Document toolboxDocument toolbox

How to Organize Data

If and when your data sharing plan request is approved, we will work with you to set up a repository for your data, known as a project, in Synapse. We will create a folder structure based on community standards for contributors to use.

This page explains best practices for organizing data and other materials within your NF project. Following this structure will make annotation and other data management easier both for you and NF-OSI staff.

Project Folders Overview

Your Synapse project will usually be set up with these top-level folders:

  • Raw Data or Data - contains subfolders organized by expected datasets.

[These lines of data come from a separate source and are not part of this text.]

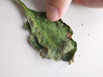 Hojas presentan mancha circular oscura rn el centro y hacia los bordes de va aclarando.
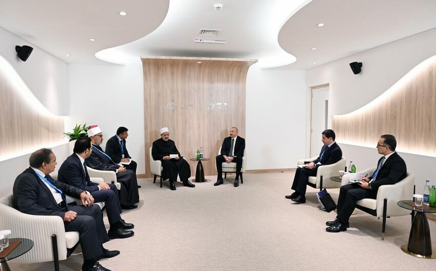 Dövlətimizin başçısı Misirə səfəri zamanı Əl-Əzhəri Şərifin şeyxi, böyük imam Əhməd Məhəmməd Əhməd Əl Tayyib ilə görüşünü məmnunluqla xatırlayaraq, həmin görüş zamanı bir sıra önəmli məsələlələrin müzakirə olunduğunu qeyd etdi və orada gələcək əməkdaşlıqla bağlı fikir mübadiləsinin aparıldığını vurğuladı.
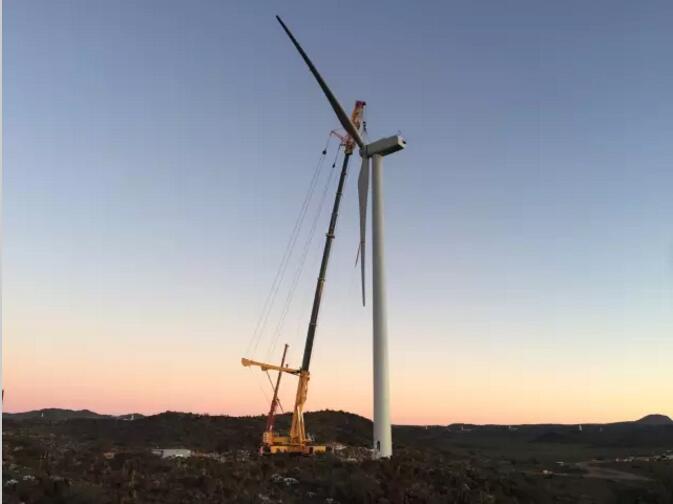 2017年4月,龙源南非德阿一期风电项目完成全部67台风电机组吊装。
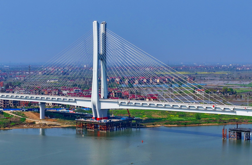 清明假期期间,位于江西省南昌市南昌县蒋巷镇的昌九高铁扬子洲赣江公铁大桥南支主桥项目现场,建设者坚守岗位,有序推进收尾施工,为下一步铺轨奠定基础。该桥是昌九高铁重点控制性工程,由南支、中支、西支三座桥梁组成,其中南支主桥为预应力混凝土不对称部分斜拉桥,H型主塔高108米,全长510米。项目建成后对推动沿线经济
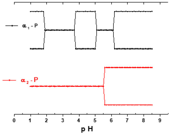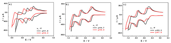 In order to be able to study all these phenomena, which seemed to be the consequence of the variation of the concentration of protons in the medium, and to eliminate any disturbance that would come from the nature of the electrolyte, we then chose to work with an electrolyte solution that had a buffering capacity in a wide pH window, the Britton–Robinson buffer (S3). For this study, only the phosphorus-based compounds, α1-P and α2-P, were analysed in a pH range of 1.0 to 8.0, a range in which these vanadic POMs have been shown to be stable [44]. A comparative study between the As- and the P-containing compounds did not appear to be of any interest, as the only difference observed between the two families of compounds was the potential shift mentioned above.
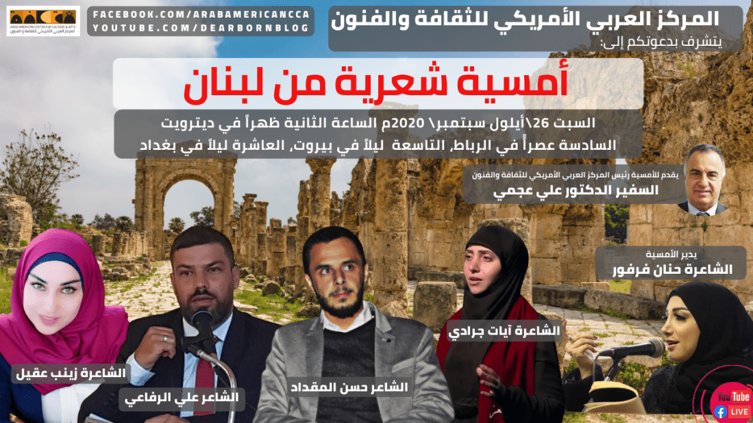 المركز العربي الأمريكي للثقافة والفنون يقدم أمسية شعرية من لبنان: حنان فرفور تقدم على الرفاعي، زينب عقيل، آيات جرادي، وحسن المقداد[podcast/video]
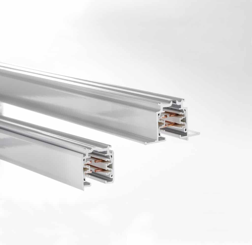 Binario elettrificato misto trifase (tre fasi e un neutro max 16A) con due conduttori aggiuntivi per la gestione di un qualsiasi segnale digitale o analogico (1-10V, DALI, dmx, lon, eib, ecc). La struttura è costituita da un estruso in alluminio verniciato a polveri epossidiche che incorpora quattro conduttori in rame (tre fasi e un neutro max 16A) e due conduttori in rame per il segnale di controllo, isolati mediante canalina in PVC. Conduttore di terra 4mm² incorporato nell’alluminio. Possibilità di gestione separata di tre circuiti On/Off oppure di gestione tramite segnale digitale (DALI). Il sistema è certificato secondo la norma EN 60570 e la sua installazione deve essere eseguita da personale qualificato e secondo la normativa d’installazione elettrica vigente. Sono previsti quattro tipi di fissaggio: direttamente a soffitto o a parete (in verticale), utilizzando le asole già previste nel binario, a soffitto o a parete (in verticale) tramite la clip metallica (da ordinare a parte), appeso tramite i kit di sospensione (da ordinare a parte) o a controsoffitto/a incasso senza superare i carichi massimi specificati. Da utilizzare con proiettori dotati di adattatore Eurostandard (per funzionamento standard) o DALI-Stucchi (per funzionamento DALI).
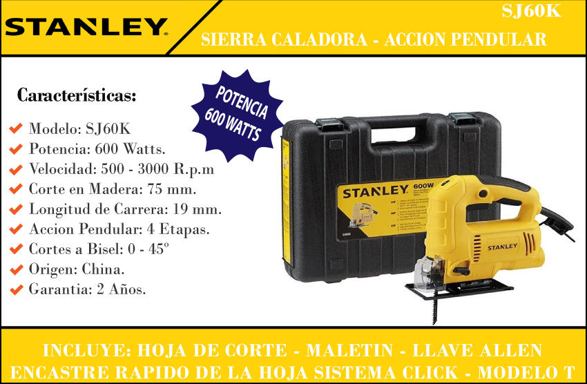 Stanley Sierra Caladora 600w Accion Pendular + Maletin
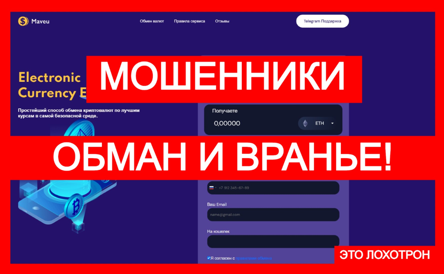 Сайт maveu.com выполнен, мягко говоря, на скорую руку. Все словно взято из одного и того же конструктора, которым уже пользовались десятки других мошеннических ресурсов. Оформление скучное, интерфейс — типичный шаблон. Если честно, у нас сложилось впечатление, что кто-то просто заменил логотип, добавил пару строк текста — и вот, «новый» проект готов к работе. Или, точнее, к обману. Это даже не наша догадка — такие случаи уже описывались в сети, и неоднократно. В отзывах люди жалуются на одно и то же: деньги отправлены, обмен не завершен, поддержки нет. Знакомо?
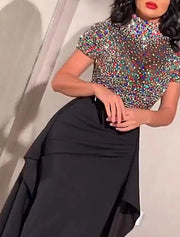 Weitese Women's Black Sequin Dress Prom Dress Party Dress Sparkly Dress Long Dress Maxi Dress Black Short Sleeve Color Block Summer Spring Fall Turtleneck Fashion Evening - US 2 / UK 6 / EU 32
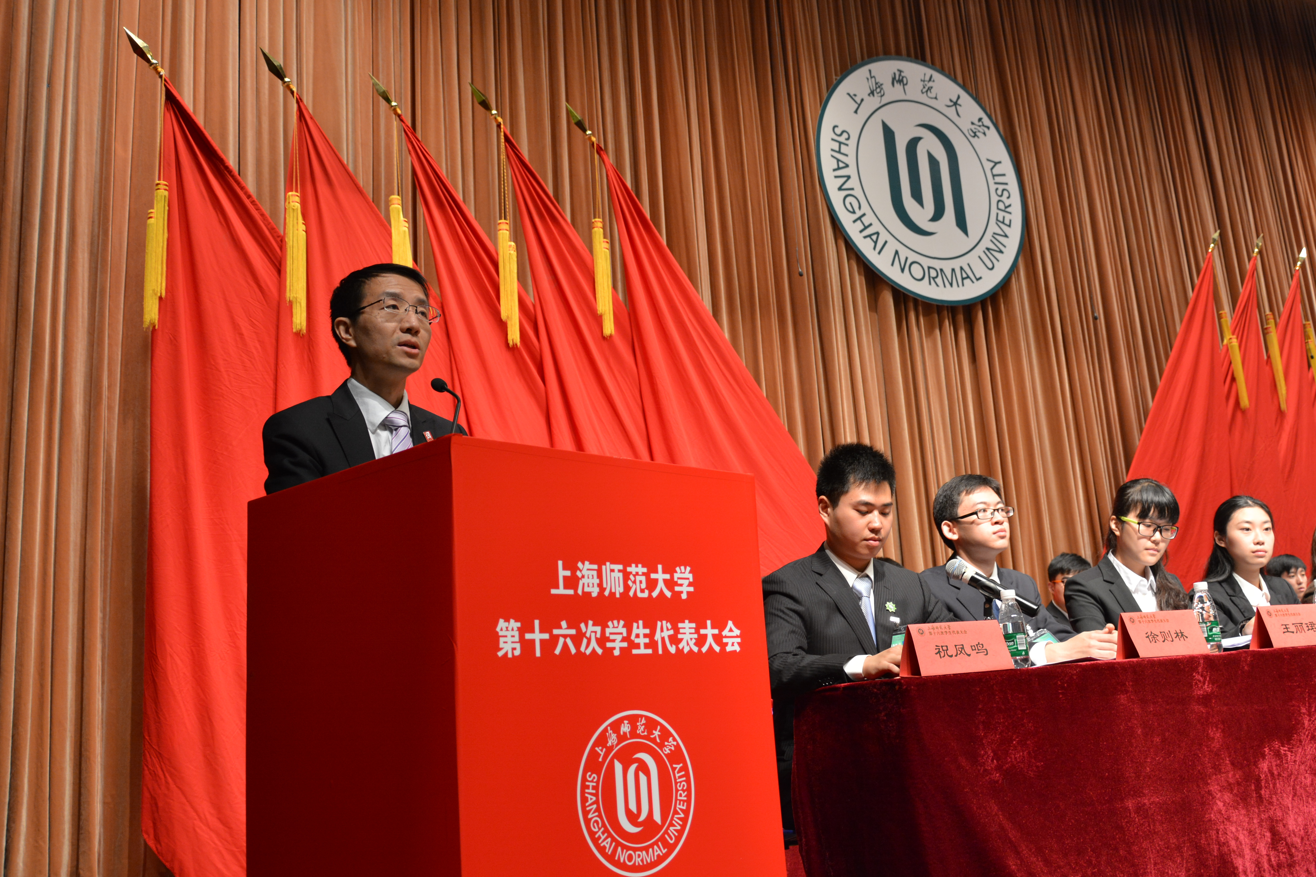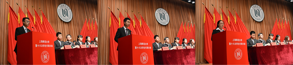上海交通大学学生联合会主席邵宪一代表兄弟院校向大会致贺辞,上海市学生联合会执行主席李卓航应邀出席并致辞。上海外国语大学、上海财经大学、上海第二工业大学等兄弟院校的学生会也在本次学代会召开之际向大会发来贺信。上海师范大学学生联合会主席陈冬尔代表第十五届学生委员会作了题为《坚定理想信念,奉献青春力量,为实现中国梦砥砺前行》的工作报告。 下午,各代表团积极参与《上海师范大学第十五届学生委员会工作报告》的审议以及《上海师范大学第十六届学生委员会委员候选人名单》的酝酿与讨论,代表们畅所欲言,积极为校园的建设发展建言献策。全体代表经民主投票,选举产生了新一届学生委员会委员。
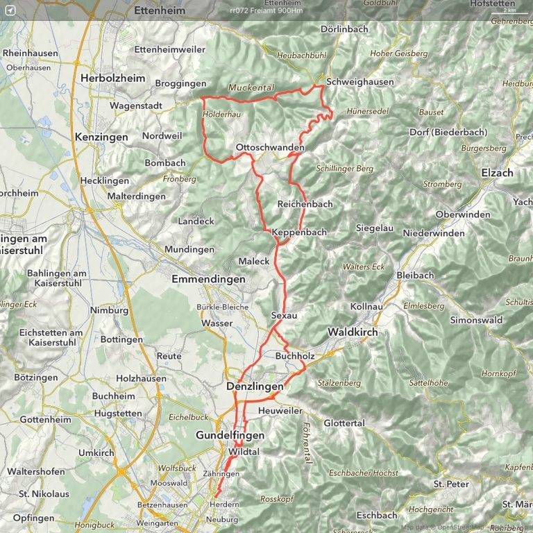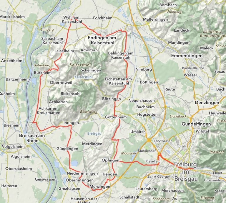 Die Tour startet in Freiburg-Herdern und führt nach Westen in mehrheitlich flaches Terrain und dann doch kurz in den Kaiserstuhl.

  • Milestone Reports or Reporting - contains generated reports for project; your program officers may also upload reports here.

  • Data Sharing Plan - contains versioned copies of your Data Sharing Plan.

  • Analysis - figures or other outputs not considered “raw data”.

Note: older or independent projects (not sponsored by one of our funders) may not have this exact top-level scheme.

This structure determines how easily others can find and understand your contributions, how easily you can annotate data, and how governance can be applied.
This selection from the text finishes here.